Loss gives rise to new efforts, new kinds of histories, new kinds of rescues

 

The Atomic Cafe

 

S.L.: If you don’t mind, I’d like to go back to The Atomic Cafe, because as I said before, it’s a film that fascinates me. I read recently that at the time of the film’s production, you were housemates with people working on it, and I thought that was an interesting crossing of paths. Taking into account that the film was released in 1982, which is when you founded the Prelinger Archives, it made me wonder if there was a community for that shared interest in old ephemeral footage and this kind of thinking, or was it sheer coincidence?
R.P.:
So, I went to high school with Pierce Rafferty. Pierce and his brother Kevin made The Atomic Cafe originally with Stewart Crone, another classmate of mine, who came out to work with them. Stewart left the project and Jayne Loader came on. When we were in high school, Pierce and I had a friend in common named Danny Cahn, who’s no longer living. Danny Cahn’s father was a communist who produced pictorial histories of labor, and he made very heavy use of public domain materials in the US National Archives. Danny told us about this, and we all became fascinated with the idea that there was this huge repository of public domain materials. And it was precisely the work of this man, Danny Cahn, that inspired Pierce Rafferty to go to Washington with his brother and with Stewart, and look for public domain material relating to propaganda. Initially, The Atomic Cafe was about propaganda, and then it became focused more specifically on atomic propaganda and persuasion. And it was a huge success; that was the time when there were many demonstrations about nuclear disarmament, big marches in New York. The Atomic Cafe was shown on Capitol Hill in Washington to US congresspeople, it was shown in a hundred cities in Japan, I believe. It was a well-timed release and Norman Lear, the TV producer, who at that point owned a movie studio, came to the Raffertys and said, “make me an Atomic Cafe about sex and romance” (which would eventually become Heavy Petting), and that’s when I was hired as research director. I was housemates with Pierce Rafferty and his then-partner, Margaret Crimmins, who was the sound editor. So, although I did not work on The Atomic Cafe, I was very, very close to it and went to many of the screenings, and it was a very chaotic process. In New York everybody was a little crazy.

S.L.: Thank you for sharing that with me. Can I ask if you have any films in development now or plans for a movie in the future?
R.P.:
I’ve always wanted to do a film that uses archival material to reconstruct a hundred classic rhetorical figures. I don’t think I’m up to doing it, but it would be so great to try to find that. I mean, it’s been done with hip-hop, of course. I suppose it’s one of many films that I’d love to make. But, right now, our grant to scan films lasts another seven months after the beginning of the year, and then we hope to be renewed and get some additional funding. I’m co-managing eight people and it’s a lot of work. But we’re building this incredible body of material to work with, so far 9,000 films. Will anybody ever touch it? That’s the other question.
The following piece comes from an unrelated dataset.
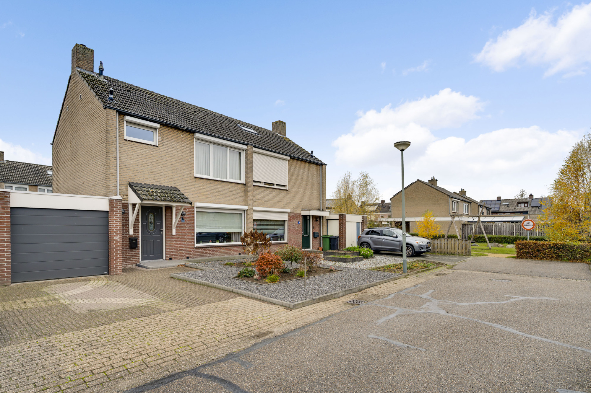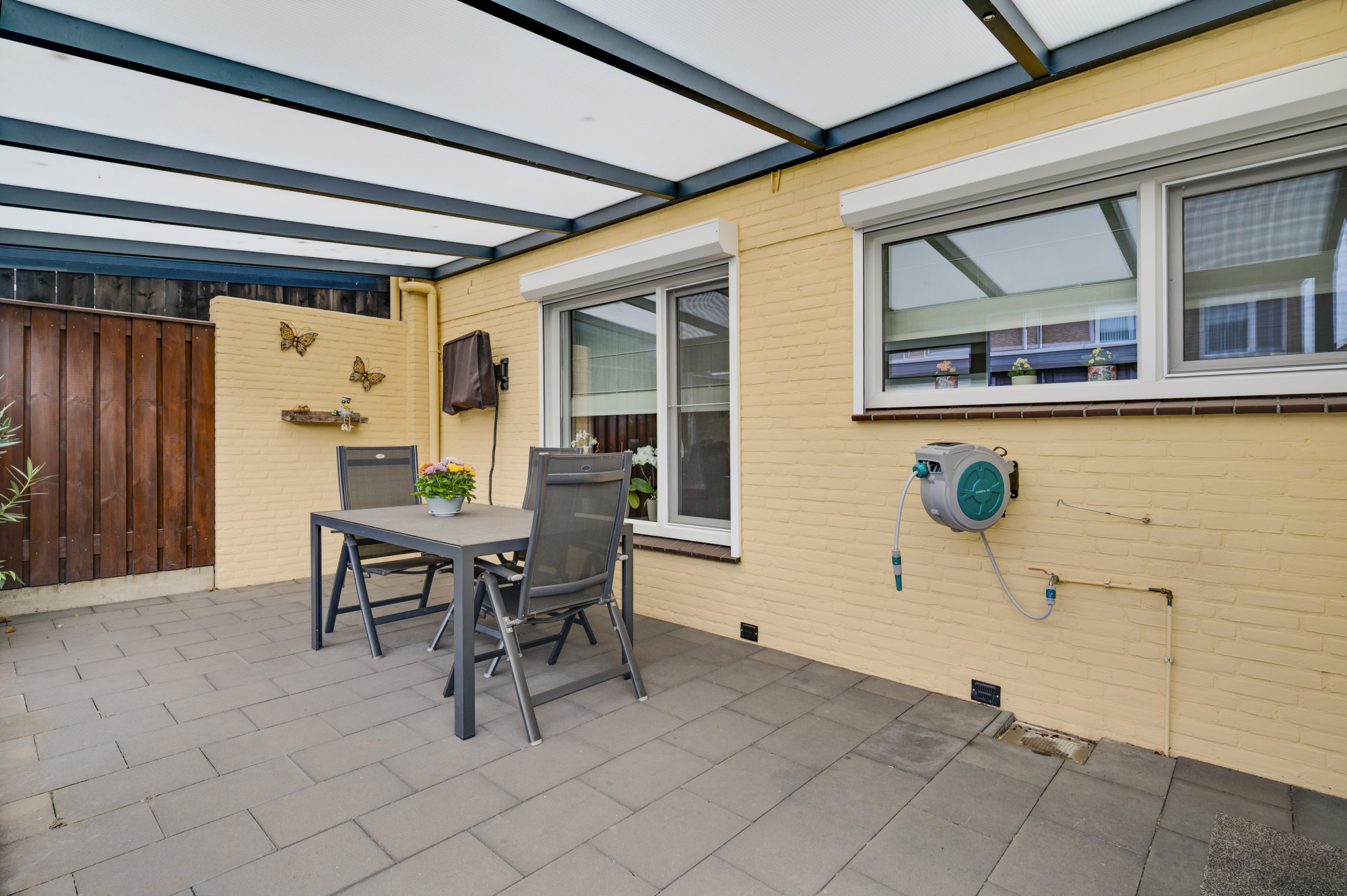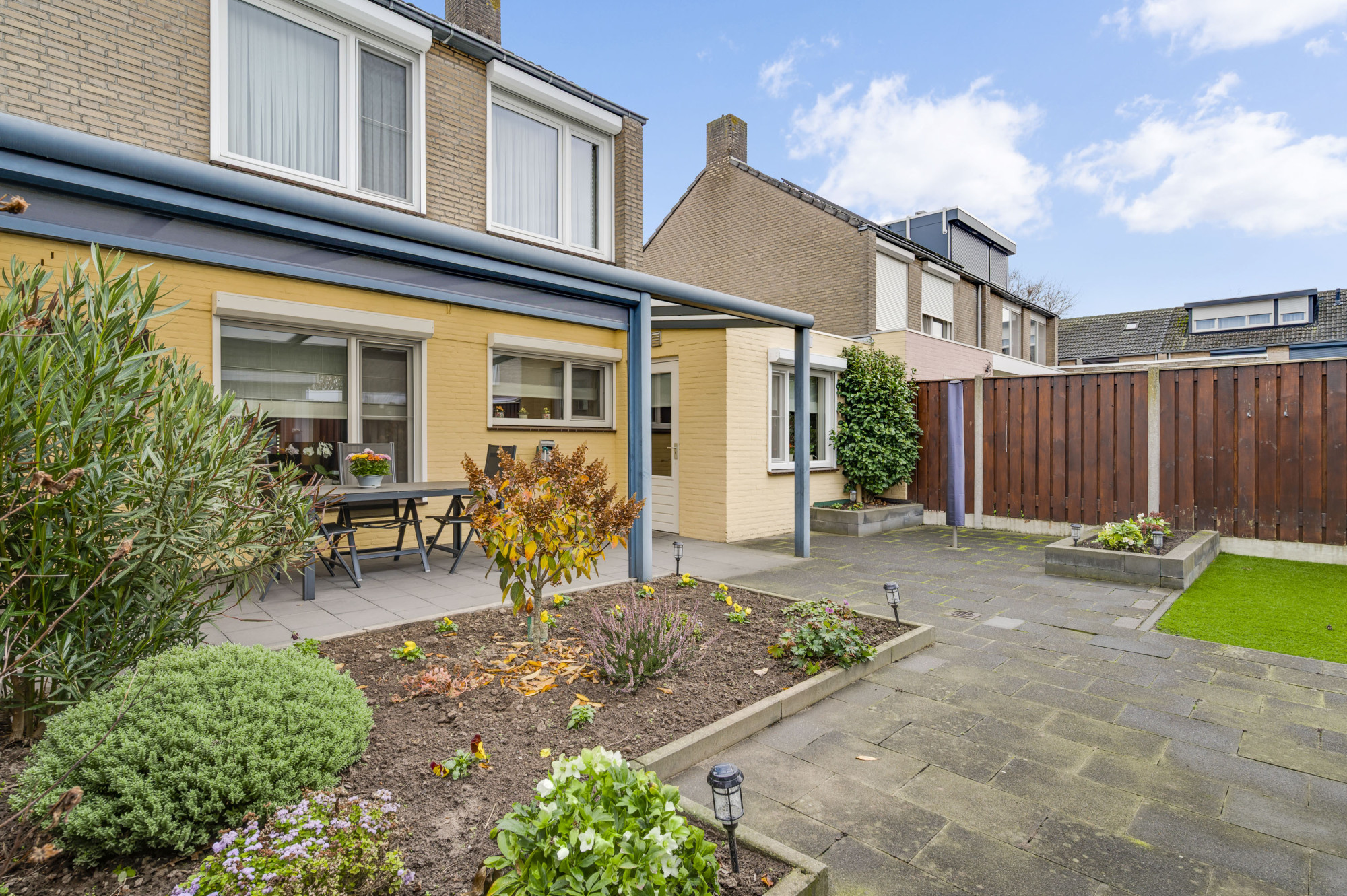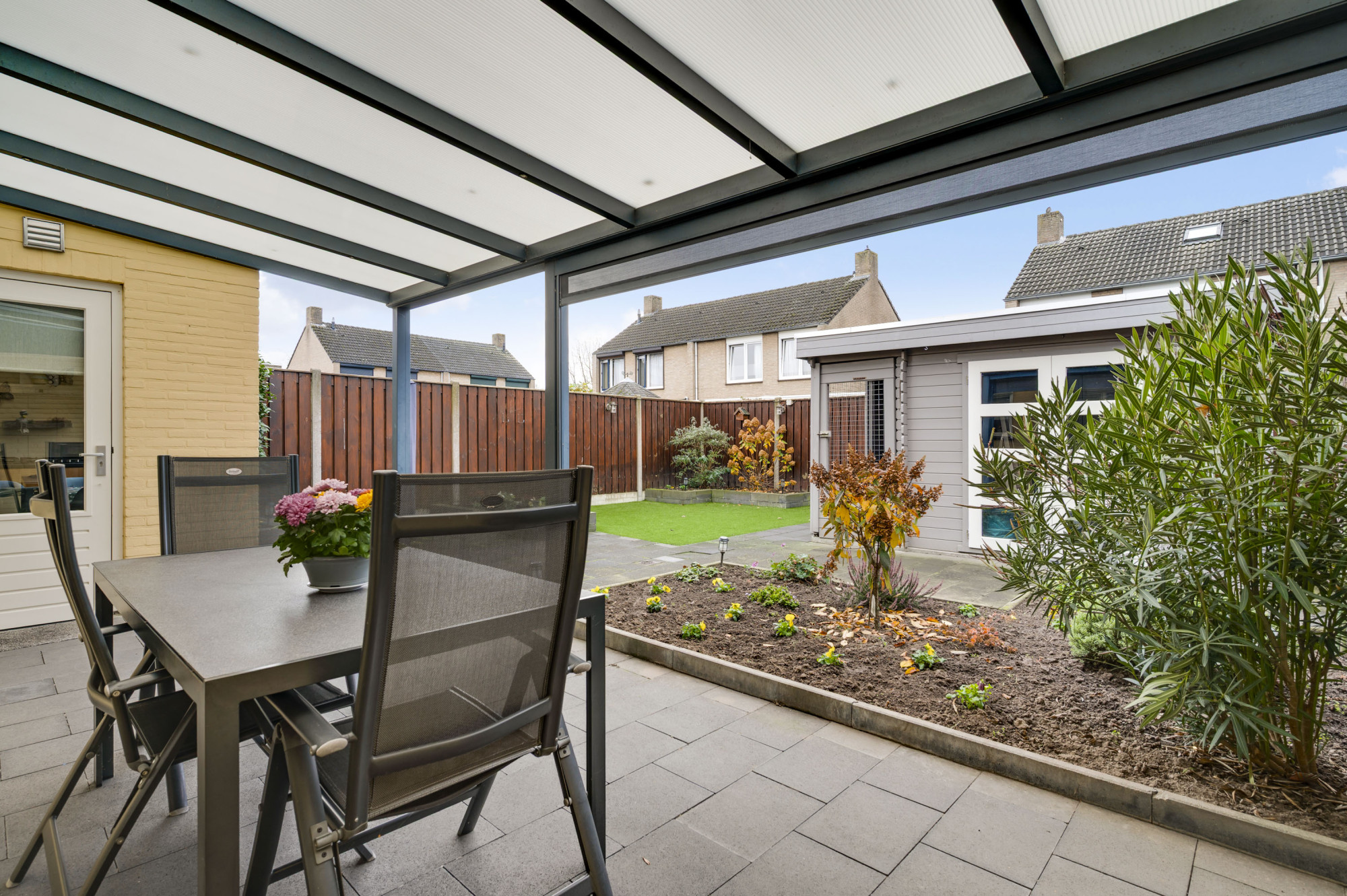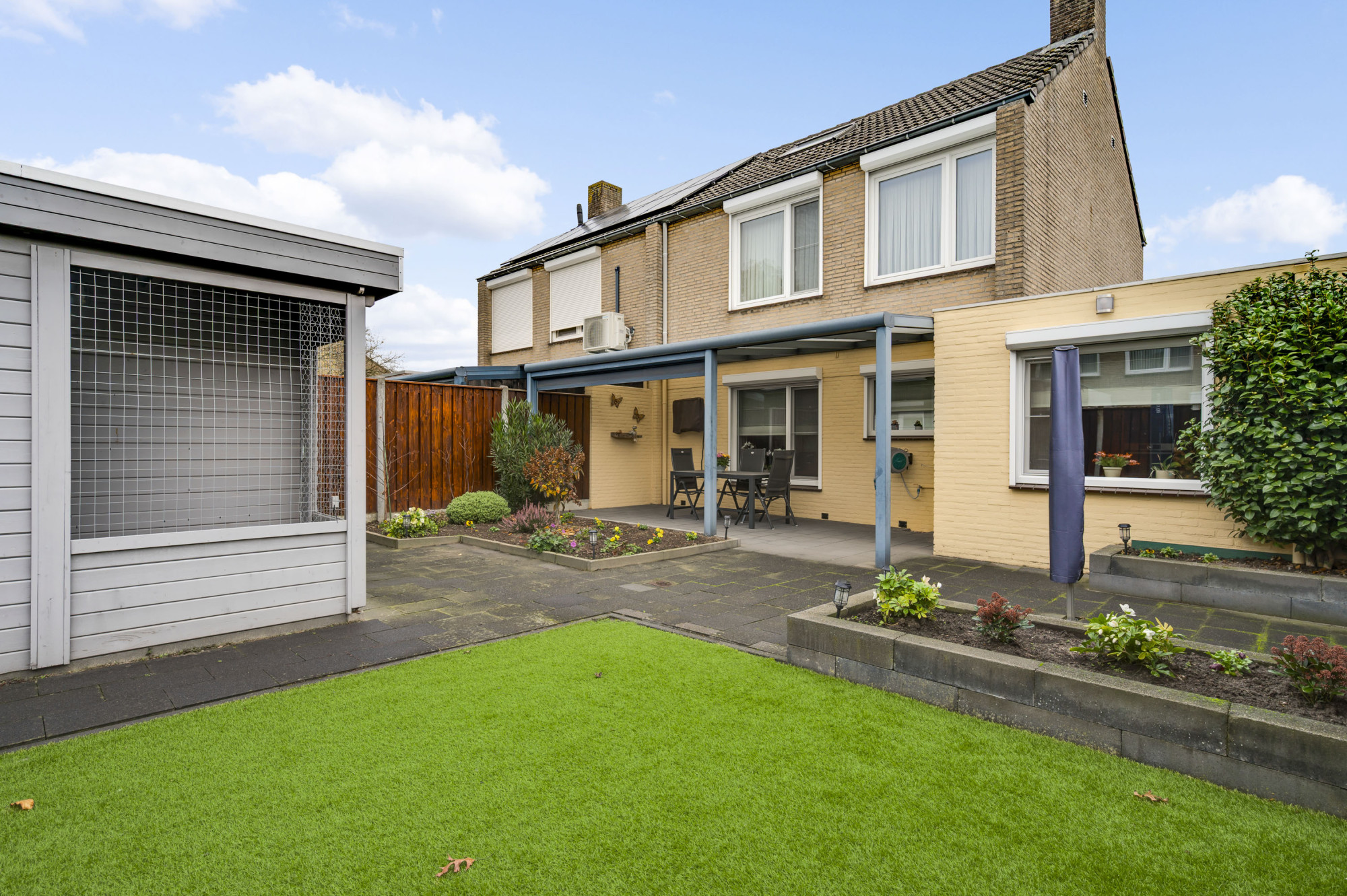 De voortuin is onderhoudsvriendelijk aangelegd en de oprit biedt toegang tot de inpandige garage. De achtertuin is een echte meerwaarde van deze woning: zonnig, verzorgd en gunstig gelegen op het zuidwesten. Dankzij de mooie overkapping met zonnescherm, het kunstgazon en de houten berging is dit een plek waar u het hele jaar door kunt genieten — ideaal voor lange zomeravonden of gezellige momenten met vrienden en familie.
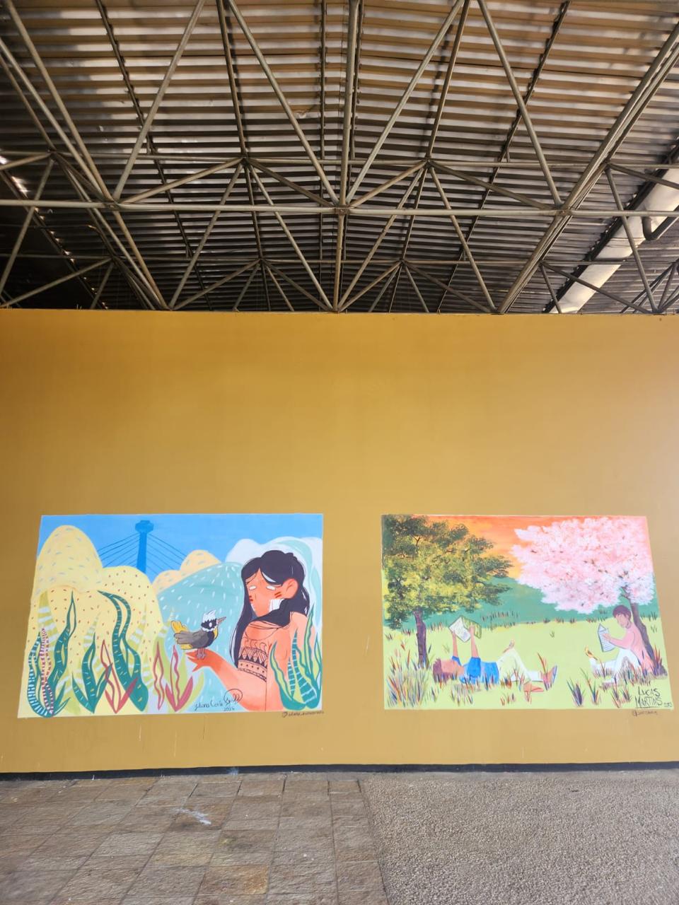 Em outubro de 2025, a Biblioteca Comunitária realiza mais uma edição da Semana Nacional do Livro e da Biblioteca (SNLB). Com o tema Arte em cada Canto, diversas atividades culturais compõem a programação do evento, dentre as quais destaca-se a entrega de dois painéis artísticos para a comunidade acadêmica, de autoria de alunos do curso de Artes Visuais da UFPI. Foto: BCCB, 2025. O primeiro painel, de autoria da discente Juliana Costa Carvalho, vencedora do concurso de pintura, em referência ao dia de Teresina, promovido pela Pró-Reitoria de Extensão e Cultura. O painel traz elementos característicos de Teresina, como o pássaro Bem-Ti-Vi, a planta espada de São Jorge, os tons quentes em referência ao calor de Teresina, dentre outros elementos que caracterizam a nossa cidade. Para Juliana, sua obra representa a própria universidade, a cidade de Teresina e a biblioteca, unindo cultura, educação e arte visual. Foto: BCCB, 2025. O segundo painel, de autoria do discente Lucas Martins Sousa, foi construído exclusivamente para a SNLB 2025. Traz vários elementos presentes dentro da UFPI como as árvores e os estudantes que aproveitam os espaços da Biblioteca para leitura e entretenimento. Para Lucas, ter o seu trabalho artístico retratado em um espaço de grande circulação, como o hall externo da Biblioteca é uma grande satisfação e um incentivo para seguir produzindo. As atividades da SNLB acontecem de 28 de outubro a 04 de novembro em múltiplos espaços da BCCB e Rosa dos Ventos.

We often think too many people make work with footage, but in fact, not nearly enough people do.

Endnotes

  1. 1. Cook, Sophie, Bartolomé Herrera, Beatriz and Robbins, Papagena (2015). ‘Interview with Rick Prelinger,’ Synoptique, Vol. 4, N0. 1, pp. 165-191, cit. p. 167. Link (accessed February 8, 2025)
  2. 2. Prelinger, Rick (2024). ‘History is Made at Night,’ The Back Room, October 12, 2024. Link (accessed February 8, 2025)
  3. 3. Prelinger, Rick (2009). ‘Points of Origin: Discovering Ourselves through Access,’ The Moving Images Journal of the Association of Moving Image Archivists, Vol. 9, No. 2, pp. 164-175, cit. p. 165.